カリフォルニア・ポピー
――梓、まだ帰ってこないのかな〜……。
いつまでたっても梓が帰って来る気配はない。
「まさか……こりゃあ、梓を捜しに行かないと」
どうやら修学旅行の甘い思い出に浸りすぎたようだ。ラジオは途中から録音して、続きは帰ってから聴く事にした。
「まぁ〜着替えはいいか。面倒くさいし」
基本的に家に帰ると全てが終わったような気分になって、ついダラダラするので、スイッチを入れるのに時間がかかってしまった。そうこうしている内にやっとスイッチが入ったオレは、もしもの時の為に、胸ポケットに鉄板入りの御守りを入れて、ハンカチ・ちり紙はズボンの小さいポケットに入れて、懐中電灯は……やっぱり辞めにして、自転車の鍵を探した。
……あれっ?どこに置いたっけな?
……あ、そうか。付けっぱなしだった。
やっぱりなんとなく頭にスイッチが入ってないことを自覚したオレは、玄関に向かって階段を下りた。玄関につくと、何時間か前に履いていた通学用の軽いスニーカーが脱ぎっぱなしになっていたので、それにもう一度足を入れた。まだ充分に靴に収まってない足を、つま先をトントン言わせながら微調整していく。

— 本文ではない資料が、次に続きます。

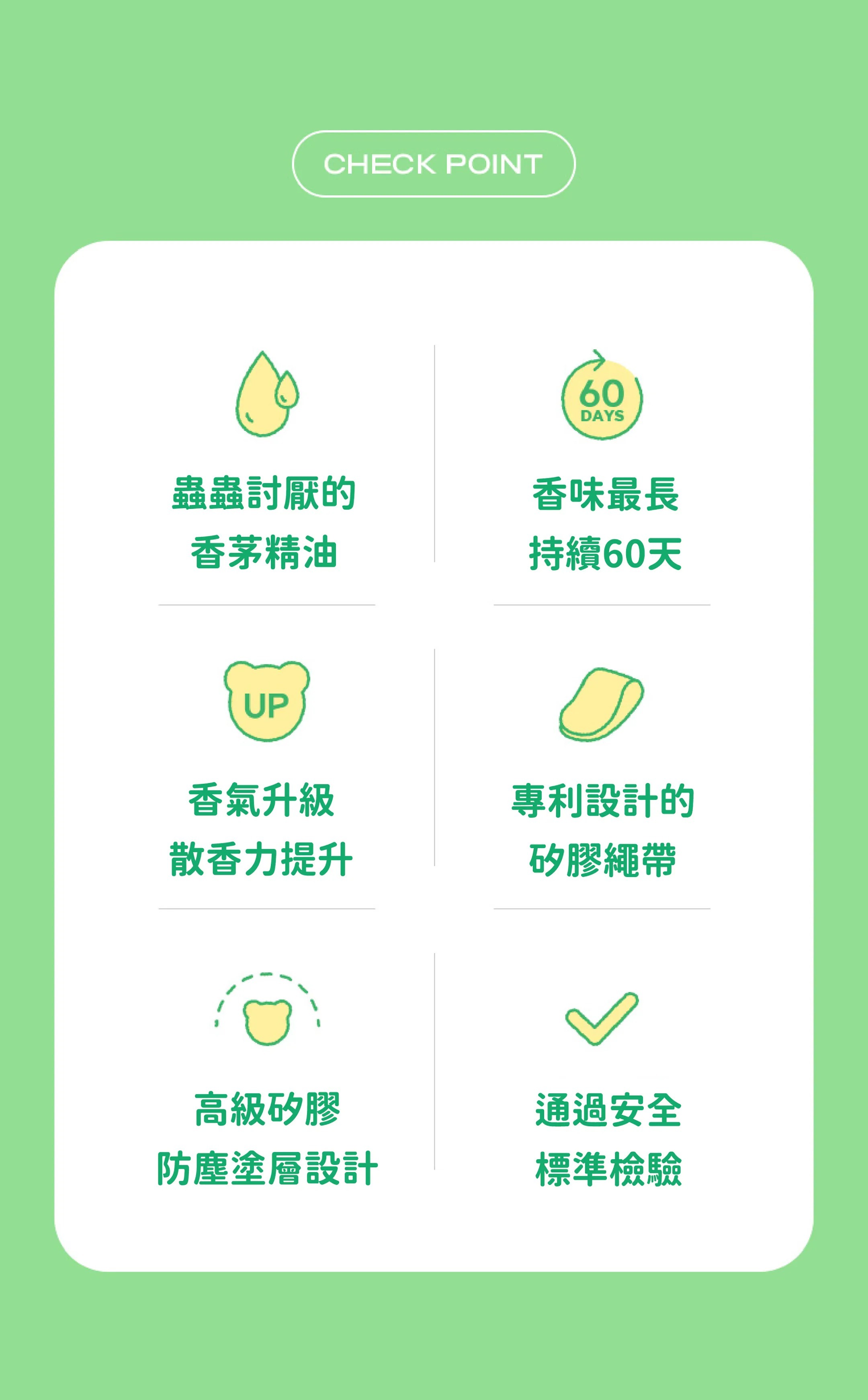 含有蟲蟲們不喜歡的天然香茅精油,香氣最長可持續60天!!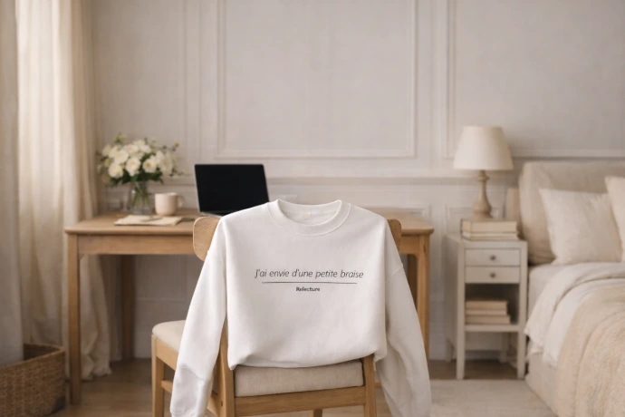 Un sweat Relecture, c’est une pièce facile à porter et une phrase qu’on n’oublie pas. Une idée cadeau élégante, originale, et juste assez piquante pour faire son effet.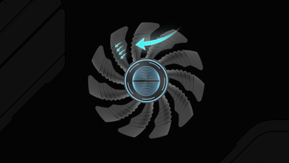 W wydajnym chłodzeniu potężnej karty wszystko ma znaczenie – również to, jak zaprojektowane zostały wentylatory. Kształt ich łopatek wymodelowano tak, aby ich końce przypominały kształtem trójkąty – pozwala to na niczym niezakłócony przesył mas powietrza wzdłuż całej długości każdej łopatki, aż do wnętrza układu. Specjalne uformowanie każdej łopatki w okolicach mniej więcej środka, to zabieg, który wzmacnia cały proces – w ten sposób masz pewność, że do wnętrza karty dociera maksimum powietrza.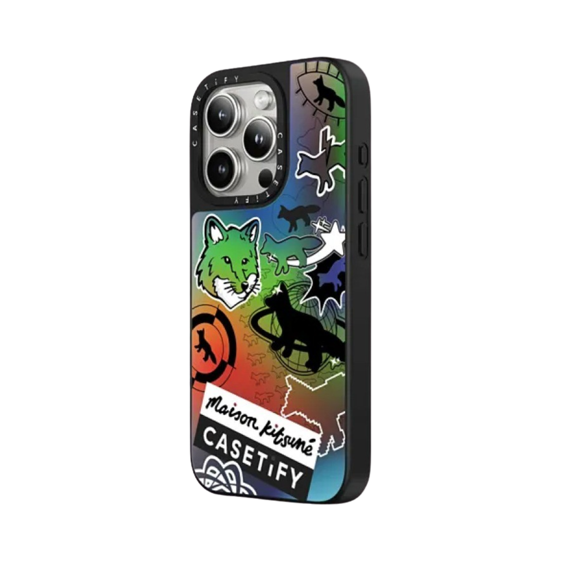 Casetify x Maison Kitsune iPhone Hologram Stickers Magsafe Case Aurora Black Bumper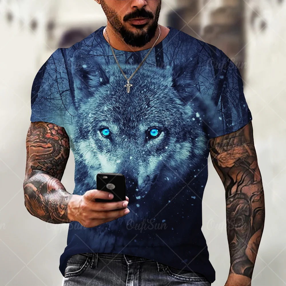 Летняя модная мужская футболка с 3D-принтом волка, трендовая Повседневная Уличная футболка с круглым вырезом и коротким рукавом в стиле Харадзюку, футболки большого размера, уличные Топы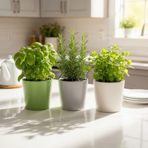 Small countertop planters with basil, rosemary, or mint bring greenery indoors.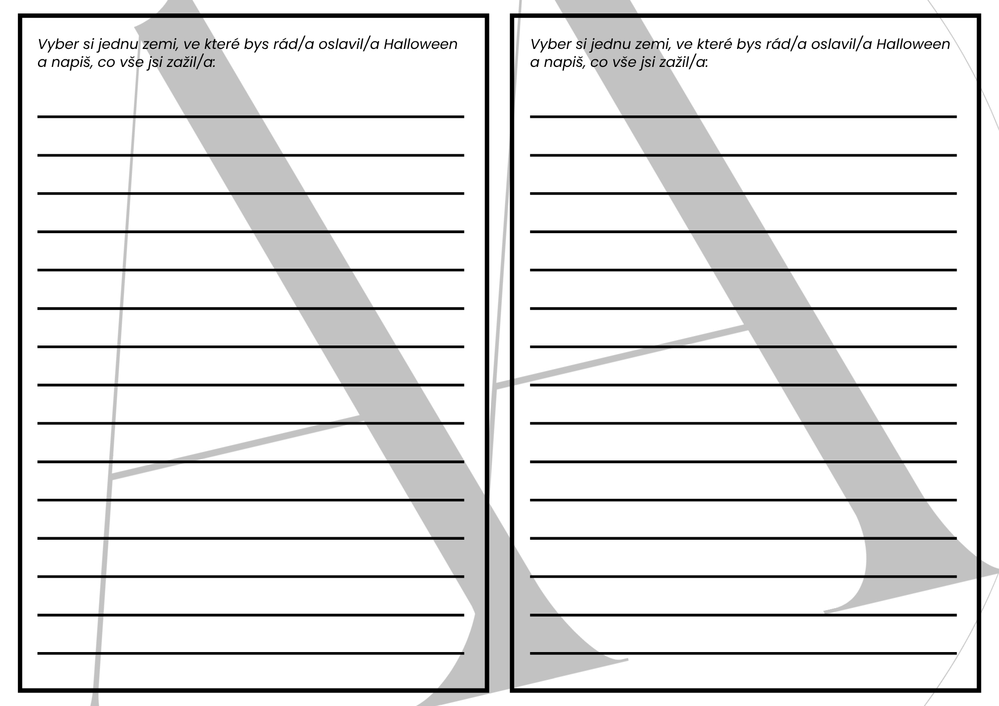 - Slohový úkol (2x A5) – zamyšlení se nad tím, že žáci slaví Halloween v jiné zemi a popsání toho, co zažívají.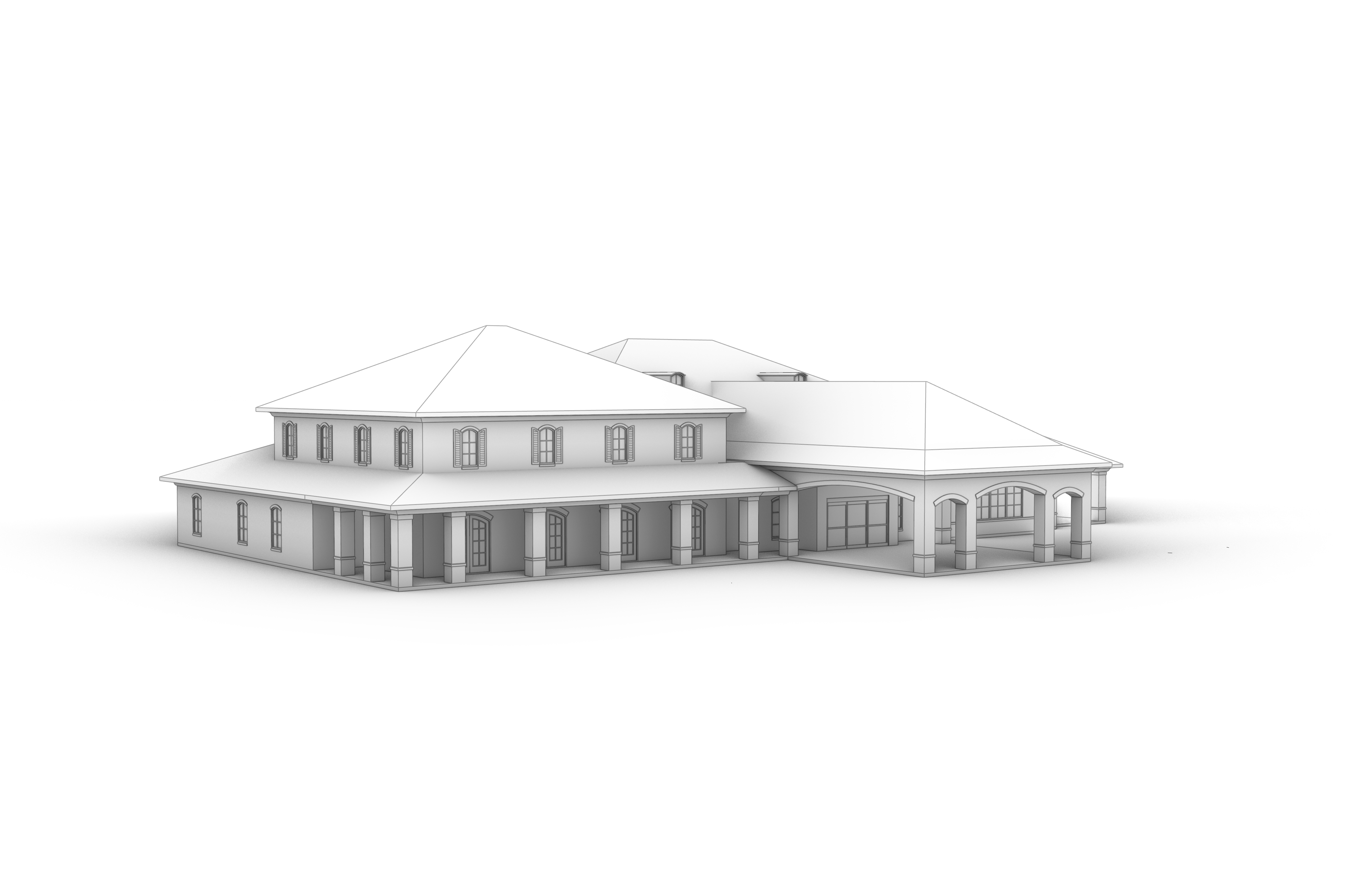 this is a funeral home in greenville sc make a realistic render the walls should be reddish brown brick the roof should be black shingles the columns should also be brick the trim should be painted white the front of the building should have landscaping found in south carolina there should be minimal paving for parking with access to the front carport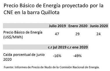 Según se observa en la tabla siguiente, las estimaciones de la CNE muestran una caída en el Precio Básico de Energía de casi un 50%, respecto de las proyecciones que había hecho en julio de 2019, y de 16%, si la base de comparación son las proyecciones de inicio del año ―comparaciones en dólares del año ―. El Precio Básico de Energía es un promedio ponderado calculado en valor presente del costo marginal de la energía del sistema, en una ventana de cuatro años.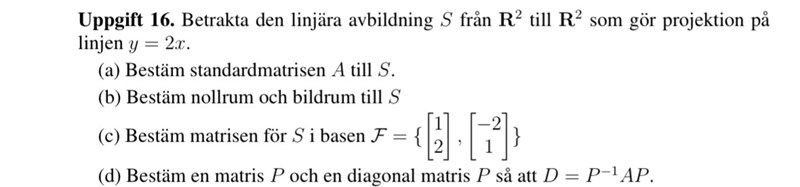 jag har fastnat på uppgift c) i den här uppgiften, standardmatrisen har jag fått till den i bilden. Så man ska väl skriva A i basen F? Är inte helt säker på hur man gör det. Tack för hjälp!

自転車置き場まで行き、この前リサイクルショップで買った約五千円の自転車にまたがり、ライトをつけた。……と思ったら、今度の自転車は自動で光るタイプだった事を思い出して、一人で苦笑いした。梓に見られて無くてよかった。見られていたら、きっと馬鹿にされていただろう。
駅までは徒歩で約百五分。
自転車で行くと、約四十五分。
自転車での爽快感、プライスレス。
……何を考えてんだ、オレは。
自転車に乗る時の必須アイテムと言えば、やっぱりウォークマンだ。最近はアメリカの会社の音質がいいやつを愛用している。前の壊れたウォークマンをみかねた梓が一緒に選んでくれて、(と言うか勝手についてきて)お小遣いを貯めて、やっと去年の誕生日に買った代物だ。オレはスイッチを入れると、お気に入りのアップテンポな曲をチョイスした。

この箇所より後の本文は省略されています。